EXERCISE DESCRIPTION —
Give back the whole listing exactly as written, pictures excluded.

DATASET SECTION —
--

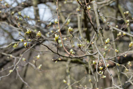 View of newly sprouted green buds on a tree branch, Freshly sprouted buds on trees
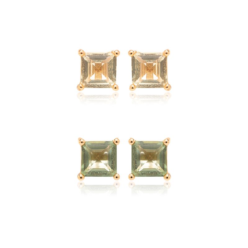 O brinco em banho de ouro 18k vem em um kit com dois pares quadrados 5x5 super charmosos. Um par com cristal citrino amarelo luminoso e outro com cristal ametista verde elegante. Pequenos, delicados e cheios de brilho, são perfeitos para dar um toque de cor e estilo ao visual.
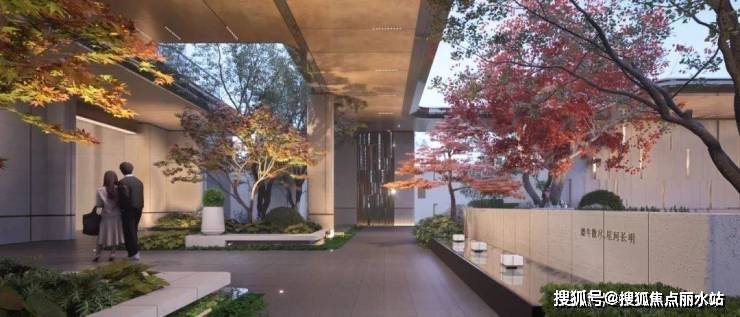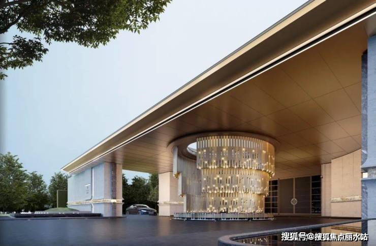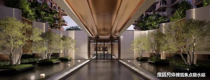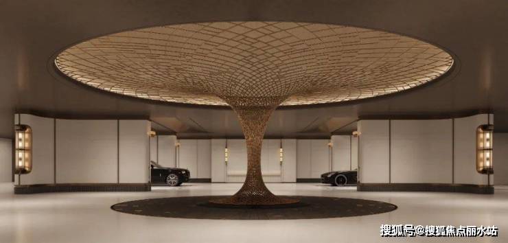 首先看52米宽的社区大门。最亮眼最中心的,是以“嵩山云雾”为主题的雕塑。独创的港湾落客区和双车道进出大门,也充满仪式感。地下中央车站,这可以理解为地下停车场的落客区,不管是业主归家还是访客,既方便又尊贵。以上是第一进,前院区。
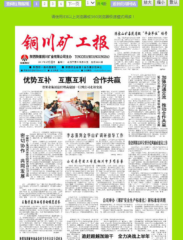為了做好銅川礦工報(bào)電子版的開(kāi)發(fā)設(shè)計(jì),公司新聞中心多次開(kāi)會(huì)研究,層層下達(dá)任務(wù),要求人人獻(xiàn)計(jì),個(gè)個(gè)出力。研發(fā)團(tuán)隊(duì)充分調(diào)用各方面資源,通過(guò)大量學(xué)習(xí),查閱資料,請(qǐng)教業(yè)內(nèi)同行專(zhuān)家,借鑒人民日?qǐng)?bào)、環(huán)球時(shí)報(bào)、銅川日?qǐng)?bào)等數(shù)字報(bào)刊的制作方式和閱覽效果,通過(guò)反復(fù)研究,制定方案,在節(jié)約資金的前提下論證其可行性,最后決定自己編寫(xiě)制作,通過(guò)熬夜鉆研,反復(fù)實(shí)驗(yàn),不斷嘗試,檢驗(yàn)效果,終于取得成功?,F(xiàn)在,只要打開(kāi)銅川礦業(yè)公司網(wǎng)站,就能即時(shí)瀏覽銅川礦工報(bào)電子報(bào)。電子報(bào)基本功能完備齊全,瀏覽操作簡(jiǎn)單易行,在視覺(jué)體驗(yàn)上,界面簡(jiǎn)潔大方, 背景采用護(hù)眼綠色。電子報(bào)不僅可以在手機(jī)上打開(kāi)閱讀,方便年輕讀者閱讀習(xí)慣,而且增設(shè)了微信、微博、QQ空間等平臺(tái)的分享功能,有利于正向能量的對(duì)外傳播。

--

ANSWER TO THIS TASK —
 View of newly sprouted green buds on a tree branch, Freshly sprouted buds on trees
 O brinco em banho de ouro 18k vem em um kit com dois pares quadrados 5x5 super charmosos. Um par com cristal citrino amarelo luminoso e outro com cristal ametista verde elegante. Pequenos, delicados e cheios de brilho, são perfeitos para dar um toque de cor e estilo ao visual.
 首先看52米宽的社区大门。最亮眼最中心的,是以“嵩山云雾”为主题的雕塑。独创的港湾落客区和双车道进出大门,也充满仪式感。地下中央车站,这可以理解为地下停车场的落客区,不管是业主归家还是访客,既方便又尊贵。以上是第一进,前院区。
為了做好銅川礦工報(bào)電子版的開(kāi)發(fā)設(shè)計(jì),公司新聞中心多次開(kāi)會(huì)研究,層層下達(dá)任務(wù),要求人人獻(xiàn)計(jì),個(gè)個(gè)出力。研發(fā)團(tuán)隊(duì)充分調(diào)用各方面資源,通過(guò)大量學(xué)習(xí),查閱資料,請(qǐng)教業(yè)內(nèi)同行專(zhuān)家,借鑒人民日?qǐng)?bào)、環(huán)球時(shí)報(bào)、銅川日?qǐng)?bào)等數(shù)字報(bào)刊的制作方式和閱覽效果,通過(guò)反復(fù)研究,制定方案,在節(jié)約資金的前提下論證其可行性,最后決定自己編寫(xiě)制作,通過(guò)熬夜鉆研,反復(fù)實(shí)驗(yàn),不斷嘗試,檢驗(yàn)效果,終于取得成功?,F(xiàn)在,只要打開(kāi)銅川礦業(yè)公司網(wǎng)站,就能即時(shí)瀏覽銅川礦工報(bào)電子報(bào)。電子報(bào)基本功能完備齊全,瀏覽操作簡(jiǎn)單易行,在視覺(jué)體驗(yàn)上,界面簡(jiǎn)潔大方, 背景采用護(hù)眼綠色。電子報(bào)不僅可以在手機(jī)上打開(kāi)閱讀,方便年輕讀者閱讀習(xí)慣,而且增設(shè)了微信、微博、QQ空間等平臺(tái)的分享功能,有利于正向能量的對(duì)外傳播。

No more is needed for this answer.